[Data excerpts]
• • •
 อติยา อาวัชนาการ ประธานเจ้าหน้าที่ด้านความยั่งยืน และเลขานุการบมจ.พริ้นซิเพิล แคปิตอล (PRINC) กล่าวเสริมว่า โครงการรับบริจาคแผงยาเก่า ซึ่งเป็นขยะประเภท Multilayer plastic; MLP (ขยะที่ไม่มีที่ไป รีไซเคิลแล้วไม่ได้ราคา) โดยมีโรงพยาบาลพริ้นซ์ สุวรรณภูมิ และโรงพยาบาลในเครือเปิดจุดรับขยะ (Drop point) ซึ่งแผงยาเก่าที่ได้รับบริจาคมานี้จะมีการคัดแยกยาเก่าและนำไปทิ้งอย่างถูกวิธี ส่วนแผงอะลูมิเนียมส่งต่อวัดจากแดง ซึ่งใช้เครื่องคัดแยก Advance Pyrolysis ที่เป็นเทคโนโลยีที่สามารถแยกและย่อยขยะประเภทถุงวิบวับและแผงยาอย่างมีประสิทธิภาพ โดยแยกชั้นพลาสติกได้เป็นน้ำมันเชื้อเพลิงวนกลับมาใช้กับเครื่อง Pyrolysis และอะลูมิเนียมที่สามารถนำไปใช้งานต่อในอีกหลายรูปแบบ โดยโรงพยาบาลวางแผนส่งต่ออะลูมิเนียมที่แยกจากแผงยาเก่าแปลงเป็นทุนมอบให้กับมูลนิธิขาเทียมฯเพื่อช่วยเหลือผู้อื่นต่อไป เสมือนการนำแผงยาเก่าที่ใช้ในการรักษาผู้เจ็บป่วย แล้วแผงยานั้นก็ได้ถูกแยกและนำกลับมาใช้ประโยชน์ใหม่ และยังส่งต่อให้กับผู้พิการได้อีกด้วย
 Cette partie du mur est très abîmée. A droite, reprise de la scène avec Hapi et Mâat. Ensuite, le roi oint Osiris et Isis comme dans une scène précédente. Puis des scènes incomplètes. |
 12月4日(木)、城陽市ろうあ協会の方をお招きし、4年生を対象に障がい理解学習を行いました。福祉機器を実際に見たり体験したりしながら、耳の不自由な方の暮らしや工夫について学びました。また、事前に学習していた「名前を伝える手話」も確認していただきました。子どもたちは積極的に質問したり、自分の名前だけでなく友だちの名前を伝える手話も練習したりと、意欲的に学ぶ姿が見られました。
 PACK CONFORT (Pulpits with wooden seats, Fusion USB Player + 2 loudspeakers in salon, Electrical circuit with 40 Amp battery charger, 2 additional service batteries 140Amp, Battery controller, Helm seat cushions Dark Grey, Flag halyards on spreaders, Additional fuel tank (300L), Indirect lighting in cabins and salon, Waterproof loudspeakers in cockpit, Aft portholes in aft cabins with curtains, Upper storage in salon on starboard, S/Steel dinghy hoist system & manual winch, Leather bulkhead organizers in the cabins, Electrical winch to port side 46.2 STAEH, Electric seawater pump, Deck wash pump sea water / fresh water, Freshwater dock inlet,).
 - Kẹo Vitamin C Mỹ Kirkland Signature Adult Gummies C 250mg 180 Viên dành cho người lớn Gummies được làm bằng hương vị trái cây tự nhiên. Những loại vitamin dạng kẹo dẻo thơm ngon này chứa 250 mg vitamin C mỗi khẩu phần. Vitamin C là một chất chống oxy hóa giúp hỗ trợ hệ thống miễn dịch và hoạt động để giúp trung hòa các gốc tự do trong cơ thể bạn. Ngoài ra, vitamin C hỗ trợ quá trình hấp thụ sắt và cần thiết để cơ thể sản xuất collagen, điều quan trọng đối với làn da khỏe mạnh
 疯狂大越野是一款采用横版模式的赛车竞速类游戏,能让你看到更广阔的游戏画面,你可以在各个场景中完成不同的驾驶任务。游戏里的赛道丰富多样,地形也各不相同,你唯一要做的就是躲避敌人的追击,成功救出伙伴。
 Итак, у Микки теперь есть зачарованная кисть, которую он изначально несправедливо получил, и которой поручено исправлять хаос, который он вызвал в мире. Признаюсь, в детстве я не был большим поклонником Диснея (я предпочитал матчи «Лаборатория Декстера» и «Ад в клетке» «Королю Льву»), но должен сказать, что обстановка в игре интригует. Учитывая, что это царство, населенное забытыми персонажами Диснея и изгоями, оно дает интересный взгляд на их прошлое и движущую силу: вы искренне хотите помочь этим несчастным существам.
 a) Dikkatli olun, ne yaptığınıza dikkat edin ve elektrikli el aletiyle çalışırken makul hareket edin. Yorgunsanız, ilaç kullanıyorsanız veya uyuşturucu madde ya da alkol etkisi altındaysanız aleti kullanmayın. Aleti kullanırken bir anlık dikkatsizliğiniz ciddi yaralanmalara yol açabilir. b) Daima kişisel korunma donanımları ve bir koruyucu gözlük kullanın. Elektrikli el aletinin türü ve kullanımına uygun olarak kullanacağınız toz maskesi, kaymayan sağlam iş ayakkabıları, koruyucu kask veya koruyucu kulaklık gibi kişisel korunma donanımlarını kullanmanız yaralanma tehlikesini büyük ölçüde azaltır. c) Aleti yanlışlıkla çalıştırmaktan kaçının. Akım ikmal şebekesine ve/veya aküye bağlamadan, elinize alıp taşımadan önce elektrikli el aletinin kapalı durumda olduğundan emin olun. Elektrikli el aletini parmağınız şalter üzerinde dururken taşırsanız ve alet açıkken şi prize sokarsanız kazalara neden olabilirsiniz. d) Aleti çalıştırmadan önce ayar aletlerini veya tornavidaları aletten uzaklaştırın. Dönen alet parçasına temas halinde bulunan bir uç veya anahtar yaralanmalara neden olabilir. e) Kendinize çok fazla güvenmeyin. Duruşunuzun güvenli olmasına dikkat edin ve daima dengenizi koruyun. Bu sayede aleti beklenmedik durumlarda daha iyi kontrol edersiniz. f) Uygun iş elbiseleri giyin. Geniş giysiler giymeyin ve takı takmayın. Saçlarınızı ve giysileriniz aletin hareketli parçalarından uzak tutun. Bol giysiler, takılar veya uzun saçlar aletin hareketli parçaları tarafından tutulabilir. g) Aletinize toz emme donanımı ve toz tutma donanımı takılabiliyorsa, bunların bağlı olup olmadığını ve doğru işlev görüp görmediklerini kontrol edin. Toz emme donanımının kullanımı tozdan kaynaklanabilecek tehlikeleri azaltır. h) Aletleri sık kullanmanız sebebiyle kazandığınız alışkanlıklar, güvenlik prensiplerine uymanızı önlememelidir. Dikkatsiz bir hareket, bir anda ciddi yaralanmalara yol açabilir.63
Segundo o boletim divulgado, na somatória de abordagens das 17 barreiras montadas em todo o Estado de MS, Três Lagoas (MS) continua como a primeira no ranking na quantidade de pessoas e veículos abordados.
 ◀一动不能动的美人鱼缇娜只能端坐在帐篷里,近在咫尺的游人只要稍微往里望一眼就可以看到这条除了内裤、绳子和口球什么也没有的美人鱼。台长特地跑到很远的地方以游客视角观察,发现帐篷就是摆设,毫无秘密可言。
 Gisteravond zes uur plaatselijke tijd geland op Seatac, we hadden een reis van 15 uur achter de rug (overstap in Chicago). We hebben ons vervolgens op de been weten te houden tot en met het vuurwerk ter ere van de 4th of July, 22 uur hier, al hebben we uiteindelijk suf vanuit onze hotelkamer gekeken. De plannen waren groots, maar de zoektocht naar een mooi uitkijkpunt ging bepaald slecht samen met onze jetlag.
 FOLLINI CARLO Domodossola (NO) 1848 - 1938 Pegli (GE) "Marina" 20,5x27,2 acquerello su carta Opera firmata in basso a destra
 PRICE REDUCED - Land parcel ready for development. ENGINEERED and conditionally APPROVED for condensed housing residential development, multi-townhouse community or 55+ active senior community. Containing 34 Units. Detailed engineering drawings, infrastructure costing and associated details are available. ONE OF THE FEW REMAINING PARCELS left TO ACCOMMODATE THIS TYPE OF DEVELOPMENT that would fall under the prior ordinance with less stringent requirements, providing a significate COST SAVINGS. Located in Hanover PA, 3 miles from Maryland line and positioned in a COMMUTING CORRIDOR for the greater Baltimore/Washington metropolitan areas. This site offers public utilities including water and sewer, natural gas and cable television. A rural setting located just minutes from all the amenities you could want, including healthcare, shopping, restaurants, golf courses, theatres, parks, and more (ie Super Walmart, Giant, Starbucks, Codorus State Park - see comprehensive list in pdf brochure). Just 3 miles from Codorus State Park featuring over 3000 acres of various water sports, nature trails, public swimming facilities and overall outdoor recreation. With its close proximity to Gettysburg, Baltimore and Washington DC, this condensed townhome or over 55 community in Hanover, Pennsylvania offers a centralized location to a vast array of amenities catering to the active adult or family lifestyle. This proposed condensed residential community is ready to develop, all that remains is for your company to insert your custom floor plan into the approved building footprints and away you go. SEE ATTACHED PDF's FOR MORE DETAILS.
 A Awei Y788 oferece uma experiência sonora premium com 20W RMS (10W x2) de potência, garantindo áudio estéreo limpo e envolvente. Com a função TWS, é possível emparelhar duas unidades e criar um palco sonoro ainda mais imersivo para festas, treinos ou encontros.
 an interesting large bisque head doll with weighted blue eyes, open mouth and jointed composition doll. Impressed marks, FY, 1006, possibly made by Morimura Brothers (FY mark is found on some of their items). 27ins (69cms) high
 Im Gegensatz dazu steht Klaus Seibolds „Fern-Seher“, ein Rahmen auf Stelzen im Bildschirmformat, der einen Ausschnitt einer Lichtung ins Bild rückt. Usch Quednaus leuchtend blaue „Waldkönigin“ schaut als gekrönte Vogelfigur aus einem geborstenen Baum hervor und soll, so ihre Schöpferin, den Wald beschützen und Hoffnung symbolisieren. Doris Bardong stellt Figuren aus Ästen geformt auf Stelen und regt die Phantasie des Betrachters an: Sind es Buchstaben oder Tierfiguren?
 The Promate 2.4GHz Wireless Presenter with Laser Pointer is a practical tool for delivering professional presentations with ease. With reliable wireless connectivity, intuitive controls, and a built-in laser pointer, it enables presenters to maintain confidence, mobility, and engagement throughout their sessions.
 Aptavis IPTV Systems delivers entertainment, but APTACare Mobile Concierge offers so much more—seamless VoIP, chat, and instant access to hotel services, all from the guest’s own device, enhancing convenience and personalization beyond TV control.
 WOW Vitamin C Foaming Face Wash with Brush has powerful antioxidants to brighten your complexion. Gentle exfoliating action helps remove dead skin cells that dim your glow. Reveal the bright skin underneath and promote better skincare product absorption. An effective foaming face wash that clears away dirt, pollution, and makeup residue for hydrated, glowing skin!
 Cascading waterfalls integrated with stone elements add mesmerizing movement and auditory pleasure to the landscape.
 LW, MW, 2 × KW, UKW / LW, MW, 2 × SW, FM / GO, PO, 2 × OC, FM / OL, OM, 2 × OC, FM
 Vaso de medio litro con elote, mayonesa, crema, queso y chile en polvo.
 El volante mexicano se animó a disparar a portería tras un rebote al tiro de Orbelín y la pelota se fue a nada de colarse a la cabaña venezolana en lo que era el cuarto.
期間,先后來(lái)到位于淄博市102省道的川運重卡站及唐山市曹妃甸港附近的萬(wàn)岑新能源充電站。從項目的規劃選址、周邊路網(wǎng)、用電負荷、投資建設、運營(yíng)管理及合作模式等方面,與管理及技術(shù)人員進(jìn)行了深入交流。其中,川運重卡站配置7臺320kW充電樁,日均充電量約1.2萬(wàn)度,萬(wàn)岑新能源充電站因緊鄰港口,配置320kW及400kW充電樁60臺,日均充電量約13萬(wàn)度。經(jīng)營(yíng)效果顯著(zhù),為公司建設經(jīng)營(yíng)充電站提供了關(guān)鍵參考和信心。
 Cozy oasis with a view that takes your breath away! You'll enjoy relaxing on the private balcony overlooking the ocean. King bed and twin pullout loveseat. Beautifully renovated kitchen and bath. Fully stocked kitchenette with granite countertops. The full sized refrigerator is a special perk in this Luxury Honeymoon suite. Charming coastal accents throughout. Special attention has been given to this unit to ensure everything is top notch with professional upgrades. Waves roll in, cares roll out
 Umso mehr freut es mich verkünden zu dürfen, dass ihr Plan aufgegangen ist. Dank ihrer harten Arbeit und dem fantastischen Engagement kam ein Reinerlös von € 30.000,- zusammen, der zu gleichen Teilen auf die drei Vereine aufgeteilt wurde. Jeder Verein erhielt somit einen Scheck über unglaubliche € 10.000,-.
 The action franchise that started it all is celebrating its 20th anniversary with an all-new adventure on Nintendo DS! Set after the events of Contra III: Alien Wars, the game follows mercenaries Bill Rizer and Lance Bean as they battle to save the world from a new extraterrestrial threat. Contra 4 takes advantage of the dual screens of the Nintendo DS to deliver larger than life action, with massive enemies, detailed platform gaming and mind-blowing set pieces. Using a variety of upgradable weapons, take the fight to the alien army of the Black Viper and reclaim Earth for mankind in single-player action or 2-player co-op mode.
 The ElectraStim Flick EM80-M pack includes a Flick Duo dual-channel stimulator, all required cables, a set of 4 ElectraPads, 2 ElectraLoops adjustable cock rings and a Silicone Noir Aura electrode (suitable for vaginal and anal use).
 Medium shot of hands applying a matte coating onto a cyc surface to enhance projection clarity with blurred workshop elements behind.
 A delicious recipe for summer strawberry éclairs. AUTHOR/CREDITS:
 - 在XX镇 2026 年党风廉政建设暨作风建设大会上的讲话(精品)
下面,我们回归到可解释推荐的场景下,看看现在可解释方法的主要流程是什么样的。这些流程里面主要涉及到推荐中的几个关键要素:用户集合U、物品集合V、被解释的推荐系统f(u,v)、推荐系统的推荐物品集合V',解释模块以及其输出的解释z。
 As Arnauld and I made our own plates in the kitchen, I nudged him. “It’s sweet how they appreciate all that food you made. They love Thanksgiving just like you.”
• • •
WHAT IS NEEDED
Only the number is wanted: how many lines of the data contain the word "kitchen"?

RESULT OF THE TASK
2